This topic describes how to use Trino on an E-MapReduce (EMR) cluster to query data stored in OSS-HDFS.
Prerequisites
A cluster of EMR V3.42.0 or later, or EMR V5.8.0 or later is created, with the Trino service selected. For more information, see Create a cluster.
OSS-HDFS is enabled for a bucket and access permissions on OSS-HDFS are granted. For more information about how to enable OSS-HDFS, see Enable OSS-HDFS and grant access permissions.
Procedure
Log on to the E-MapReduce console. In the left-side navigation pane, click EMR on ECS and create an EMR cluster.
When you create the EMR cluster, make sure that you set Product Version to EMR-3.46.2 or later or EMR-5.12.2 or later and Root Storage Directory of Cluster to a bucket for which OSS-HDFS is enabled. Use the default values for other parameters.
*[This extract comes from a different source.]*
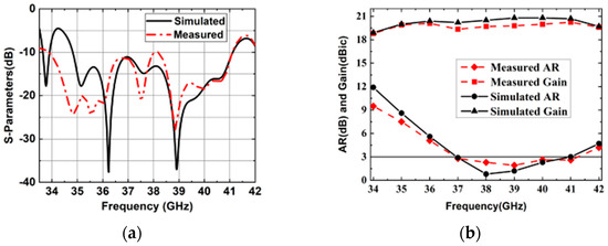 The proposed 4 × 4 antenna array was fabricated using standard single-layer PCB technology, as shown in Figure 19. The screw holes were designed for assembly. The influences of the metal screws on the radiation performance of the array were included in the simulation. The overall dimensions of the antenna were 60.2 mm × 65.2 mm× 6.7 mm. Figure 20 shows the simulation and measurement results of this proposed 4 × 4 antenna array. It can be seen that the simulated and measured impedance matching the bandwidths of this antenna array are 16.8% (34.8–41.2 GHz) and 19.2% (33.9–41.1 GHz), respectively. The simulated and measured 3 db AR bandwidths are 10.3% (36.9–40.9 GHz) and 10.3% (37–41 GHz), respectively. The measured peak gain is 20.3 dBic at 41 GHz.
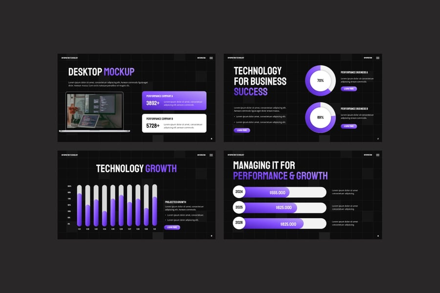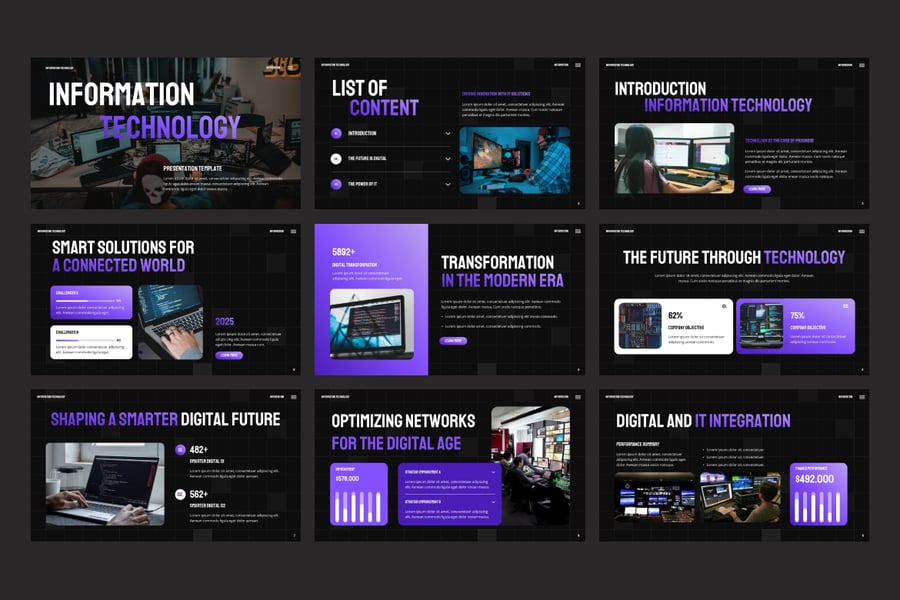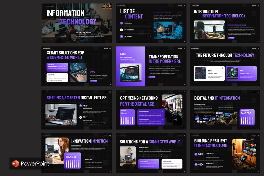 使用信息技术 PowerPoint 演示模板,提升您的技术演示效果。这套现代、专业且完全可定制的幻灯片专为 IT 公司、软件开发、网络安全、人工智能技术、数字化转型和数据分析项目而设计。该模板提供简洁的布局、信息图表和数据驱动的图表,帮助您清晰地传达复杂信息。凭借独特的幻灯片、拖放式图像占位符和可编辑的矢量图,创建令人惊艳的技术演示文稿从未如此轻松。

For more information, see Create a cluster.
Query data stored in OSS-HDFS.
Log on to the Trino server.
Use the following steps to obtain the address and port of the Trino server: Go to EMR on ECS page, click the name of the cluster, and click Services > Trino > Configure.
trino --server <Trino_server_address>:<Trino_server_port> --catalog
Create a schema for OSS.
create schema testDB with (location='oss://<Bucket>.<Endpoint>/<schema_dir>');
Use the schema.
use testDB;
Create a table.
create table tbl (key int, val int);
Insert data into the table.
insert into tbl values (1,666);
Query data in the table.
select * from tbl;